## THE RECORDS
○ ○ ○ ○ ○ ○ ○
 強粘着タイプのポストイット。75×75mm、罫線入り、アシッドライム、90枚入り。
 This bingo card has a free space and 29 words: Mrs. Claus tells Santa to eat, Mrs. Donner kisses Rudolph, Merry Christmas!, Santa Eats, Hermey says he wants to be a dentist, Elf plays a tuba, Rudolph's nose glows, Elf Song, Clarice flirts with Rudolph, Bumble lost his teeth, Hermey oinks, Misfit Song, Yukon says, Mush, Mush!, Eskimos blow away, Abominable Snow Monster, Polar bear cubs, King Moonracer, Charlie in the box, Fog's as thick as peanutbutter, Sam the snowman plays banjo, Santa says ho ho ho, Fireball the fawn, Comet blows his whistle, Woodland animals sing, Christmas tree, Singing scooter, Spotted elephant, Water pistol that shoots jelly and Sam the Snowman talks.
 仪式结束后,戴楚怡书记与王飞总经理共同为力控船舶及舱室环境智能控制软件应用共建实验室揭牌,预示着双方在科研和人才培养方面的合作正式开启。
○ ○ ○ ○ ○ ○ ○
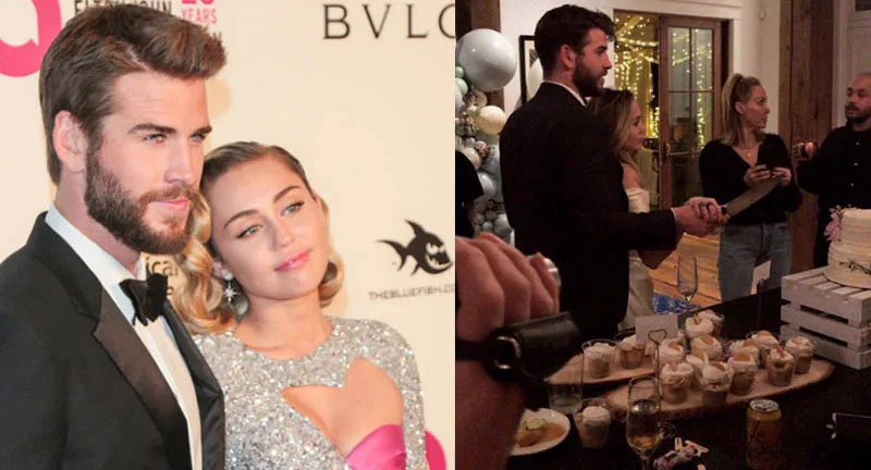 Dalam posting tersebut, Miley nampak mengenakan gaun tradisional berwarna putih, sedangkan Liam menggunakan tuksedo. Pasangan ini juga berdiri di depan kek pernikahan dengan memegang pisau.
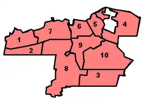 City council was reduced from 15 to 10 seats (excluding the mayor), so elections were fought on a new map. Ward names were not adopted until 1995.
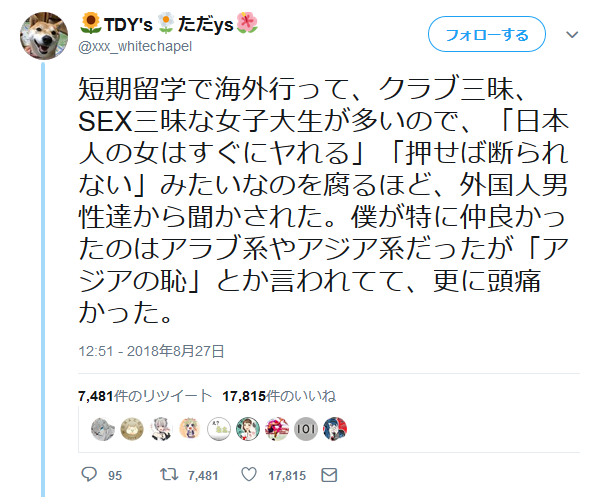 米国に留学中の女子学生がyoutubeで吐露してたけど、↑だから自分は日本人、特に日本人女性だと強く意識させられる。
○ ○ ○ ○ ○ ○ ○
## TASK BRIEF
Copy out each line of the data above, exactly, if it lies between the line holding "強粘着タイプのポストイット。" and the line holding "仪式结束后,戴楚怡书记与王飞", inclusive; copy no other line.

## COMPLETED EXERCISE
 強粘着タイプのポストイット。75×75mm、罫線入り、アシッドライム、90枚入り。
 This bingo card has a free space and 29 words: Mrs. Claus tells Santa to eat, Mrs. Donner kisses Rudolph, Merry Christmas!, Santa Eats, Hermey says he wants to be a dentist, Elf plays a tuba, Rudolph's nose glows, Elf Song, Clarice flirts with Rudolph, Bumble lost his teeth, Hermey oinks, Misfit Song, Yukon says, Mush, Mush!, Eskimos blow away, Abominable Snow Monster, Polar bear cubs, King Moonracer, Charlie in the box, Fog's as thick as peanutbutter, Sam the snowman plays banjo, Santa says ho ho ho, Fireball the fawn, Comet blows his whistle, Woodland animals sing, Christmas tree, Singing scooter, Spotted elephant, Water pistol that shoots jelly and Sam the Snowman talks.
 仪式结束后,戴楚怡书记与王飞总经理共同为力控船舶及舱室环境智能控制软件应用共建实验室揭牌,预示着双方在科研和人才培养方面的合作正式开启。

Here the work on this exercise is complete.